• [Data provided]:
▬▬▬▬▬▬▬▬▬▬
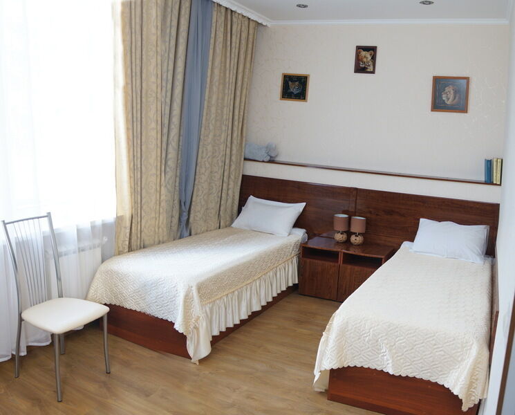 В номере: две раздельные кровати, шкаф для одежды, журнальный столик, плазменный телевизор, холодильник.
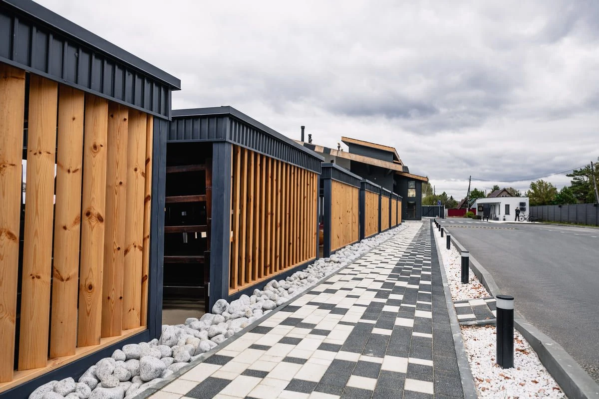 Основной рисунок выстроен с помощью хаотичной разбивки черного и белого цвета, но в местах ближе к дороге или дому плитка переходит в один цвет — черный или белый. Это визуально отделяет прогулочную зону от всех остальных, при этом подобранные цвета гармонируют с постройкой.
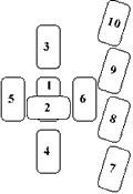 1、依一般方式洗牌、切牌。將由上面數來的第七張牌放在如圖示(1)的位置。
▬▬▬▬▬▬▬▬▬▬
Print every line of the data exactly. Pictures do not belong in the copy.

• [Reply]:
 В номере: две раздельные кровати, шкаф для одежды, журнальный столик, плазменный телевизор, холодильник.
 Основной рисунок выстроен с помощью хаотичной разбивки черного и белого цвета, но в местах ближе к дороге или дому плитка переходит в один цвет — черный или белый. Это визуально отделяет прогулочную зону от всех остальных, при этом подобранные цвета гармонируют с постройкой.
 1、依一般方式洗牌、切牌。將由上面數來的第七張牌放在如圖示(1)的位置。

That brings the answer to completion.